*** DATA RECORDS Section Begins ***

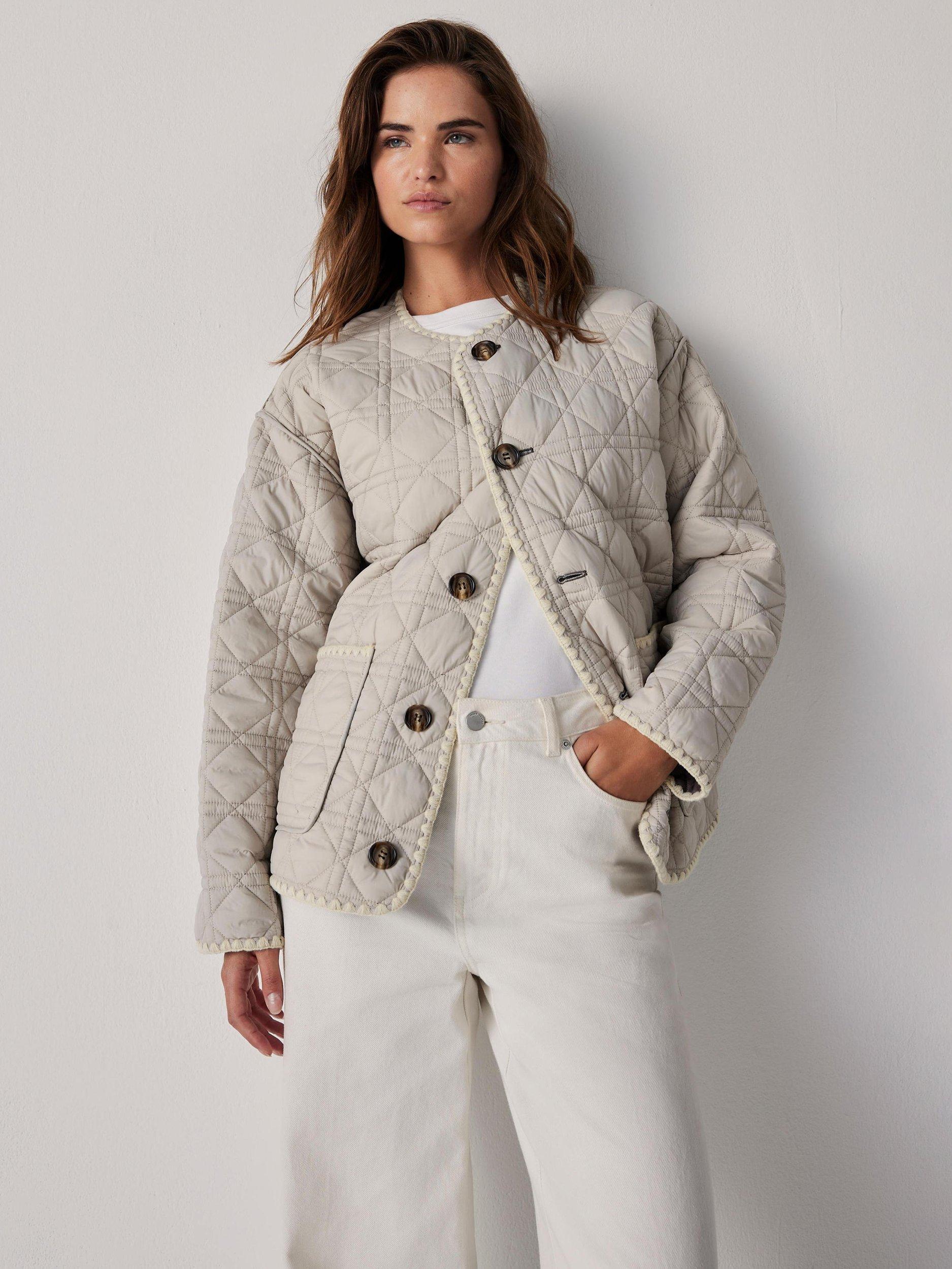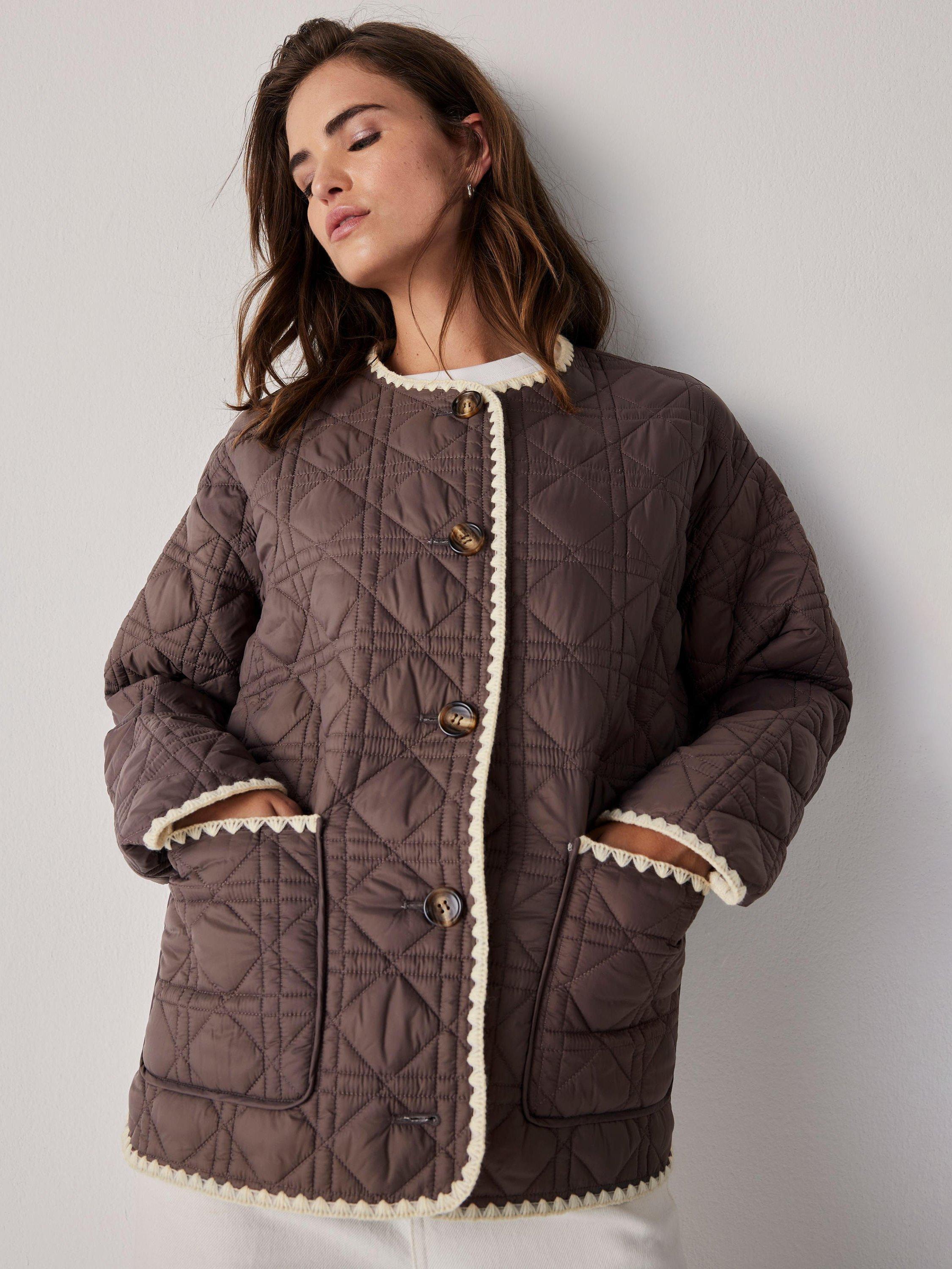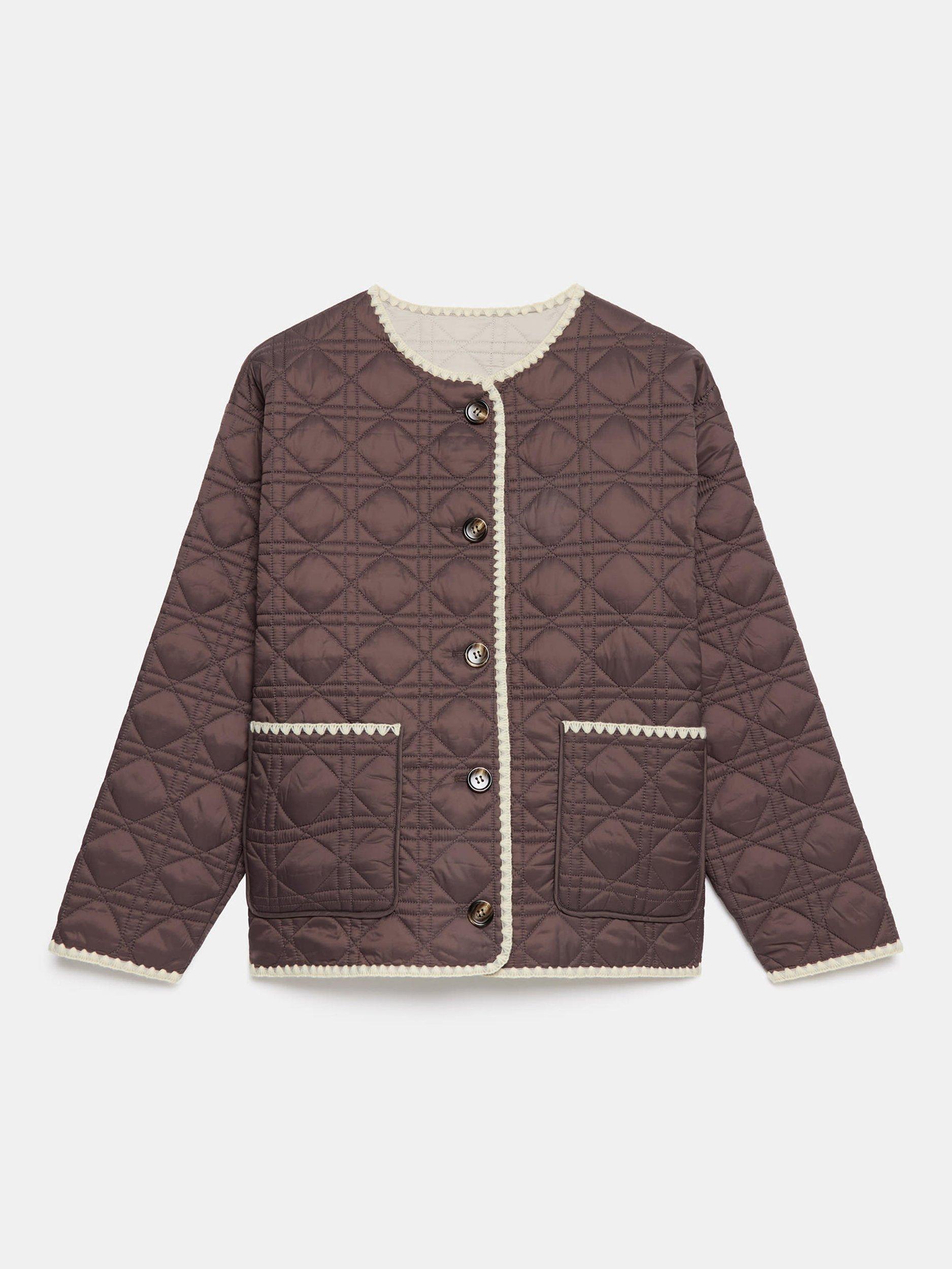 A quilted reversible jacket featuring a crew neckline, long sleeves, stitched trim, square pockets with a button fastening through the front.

*** DATA RECORDS Section Ends ***
*** DATA RECORDS Section Begins ***

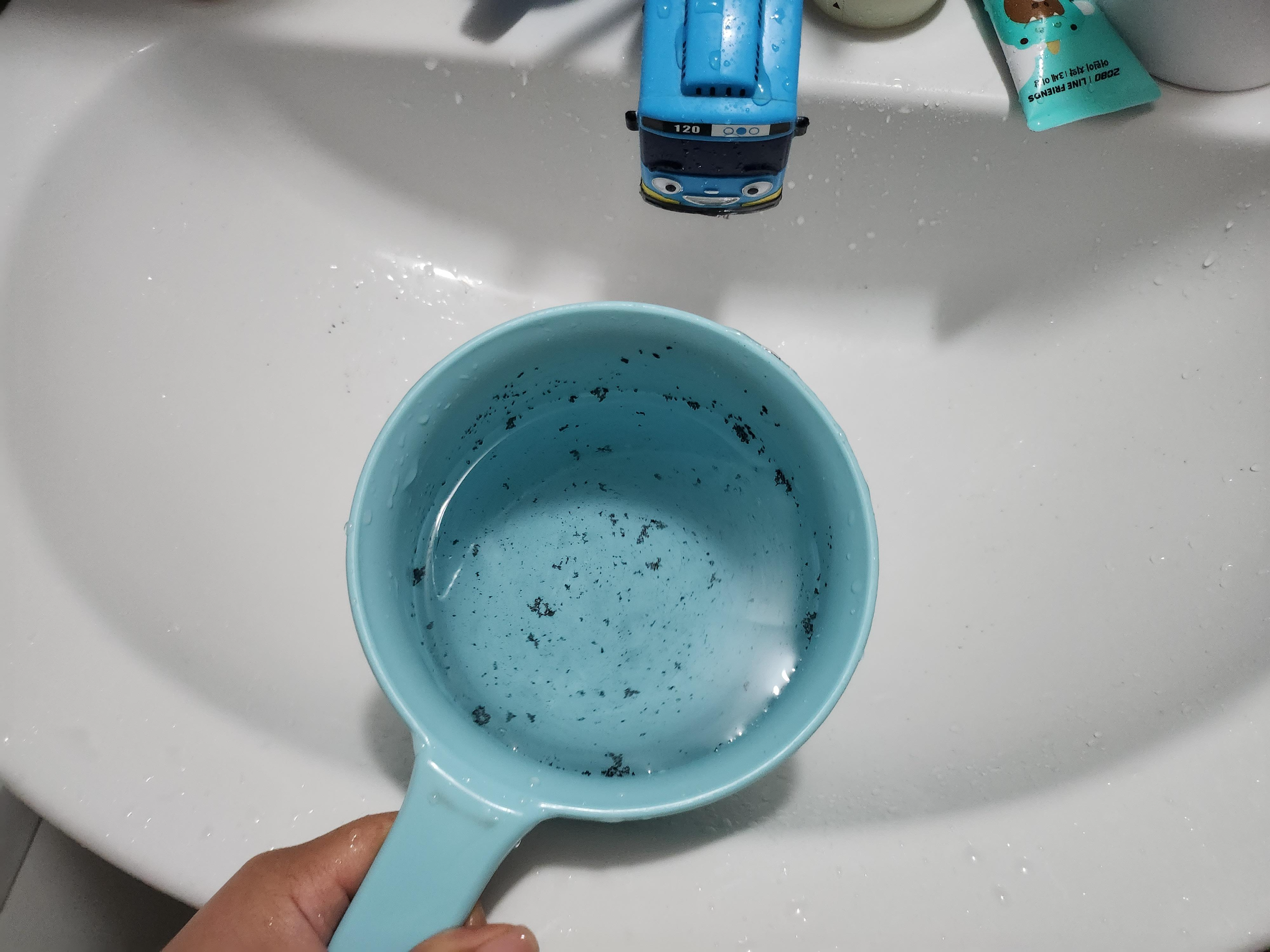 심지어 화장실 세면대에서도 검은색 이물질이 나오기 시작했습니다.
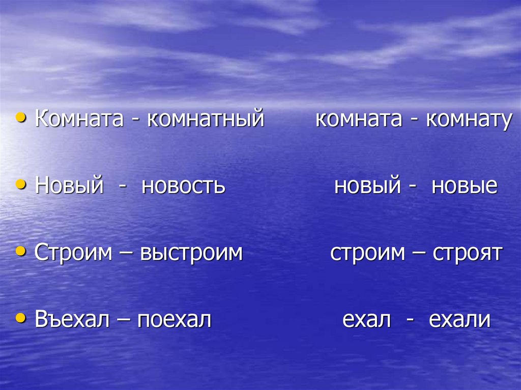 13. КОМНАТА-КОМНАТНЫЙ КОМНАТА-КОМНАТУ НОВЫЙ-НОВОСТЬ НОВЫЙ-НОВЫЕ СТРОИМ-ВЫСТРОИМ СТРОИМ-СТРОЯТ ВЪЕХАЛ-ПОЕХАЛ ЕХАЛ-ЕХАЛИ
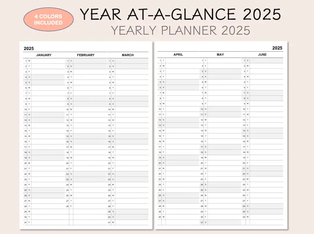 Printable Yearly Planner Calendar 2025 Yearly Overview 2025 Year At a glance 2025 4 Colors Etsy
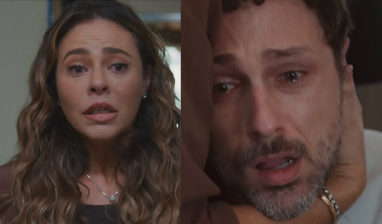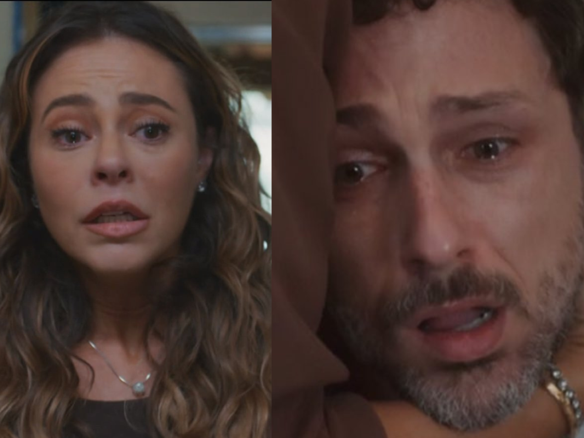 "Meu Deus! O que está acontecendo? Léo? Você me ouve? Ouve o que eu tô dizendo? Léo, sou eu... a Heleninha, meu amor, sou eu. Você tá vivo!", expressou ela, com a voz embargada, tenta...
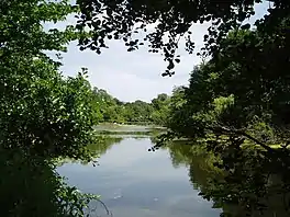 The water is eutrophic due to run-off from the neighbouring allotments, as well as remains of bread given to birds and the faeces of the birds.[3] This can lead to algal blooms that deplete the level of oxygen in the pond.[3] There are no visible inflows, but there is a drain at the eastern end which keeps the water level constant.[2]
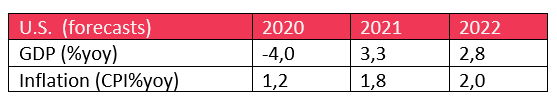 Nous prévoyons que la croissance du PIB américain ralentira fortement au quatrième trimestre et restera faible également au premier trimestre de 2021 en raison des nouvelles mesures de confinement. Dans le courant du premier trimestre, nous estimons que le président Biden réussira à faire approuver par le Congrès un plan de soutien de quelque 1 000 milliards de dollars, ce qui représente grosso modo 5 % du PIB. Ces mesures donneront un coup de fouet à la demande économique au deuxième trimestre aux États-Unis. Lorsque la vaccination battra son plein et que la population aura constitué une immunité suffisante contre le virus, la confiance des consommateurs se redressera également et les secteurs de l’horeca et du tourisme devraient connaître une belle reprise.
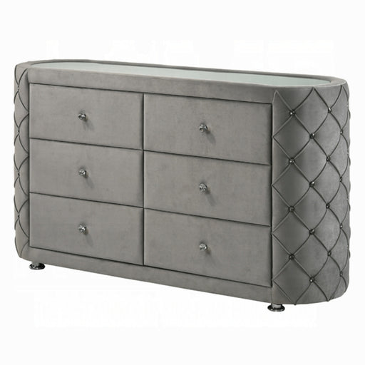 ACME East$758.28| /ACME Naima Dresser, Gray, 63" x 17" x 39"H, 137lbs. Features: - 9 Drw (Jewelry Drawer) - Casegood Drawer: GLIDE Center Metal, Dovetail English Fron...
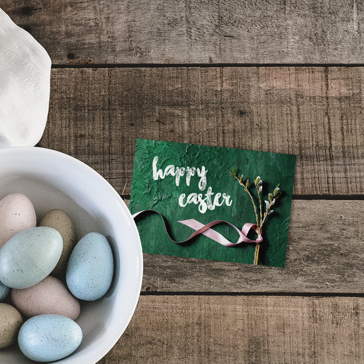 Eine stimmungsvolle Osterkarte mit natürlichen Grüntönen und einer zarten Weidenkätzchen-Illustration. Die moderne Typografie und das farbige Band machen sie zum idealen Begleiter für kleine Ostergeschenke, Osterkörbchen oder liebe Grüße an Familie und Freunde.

*** DATA RECORDS Section Ends ***

§ **WHAT IS EXPECTED**:
The result should be an exact copy of only the lines above from the one that holds "심지어 화장실 세면대에서도 검은색 이물질이 나오기 시작했습니다." through the one that holds "The water is", both ends included, without pictures.

§ **FINISHED EXERCISE**:
 심지어 화장실 세면대에서도 검은색 이물질이 나오기 시작했습니다.
 13. КОМНАТА-КОМНАТНЫЙ КОМНАТА-КОМНАТУ НОВЫЙ-НОВОСТЬ НОВЫЙ-НОВЫЕ СТРОИМ-ВЫСТРОИМ СТРОИМ-СТРОЯТ ВЪЕХАЛ-ПОЕХАЛ ЕХАЛ-ЕХАЛИ
 Printable Yearly Planner Calendar 2025 Yearly Overview 2025 Year At a glance 2025 4 Colors Etsy
 "Meu Deus! O que está acontecendo? Léo? Você me ouve? Ouve o que eu tô dizendo? Léo, sou eu... a Heleninha, meu amor, sou eu. Você tá vivo!", expressou ela, com a voz embargada, tenta...
 The water is eutrophic due to run-off from the neighbouring allotments, as well as remains of bread given to birds and the faeces of the birds.[3] This can lead to algal blooms that deplete the level of oxygen in the pond.[3] There are no visible inflows, but there is a drain at the eastern end which keeps the water level constant.[2]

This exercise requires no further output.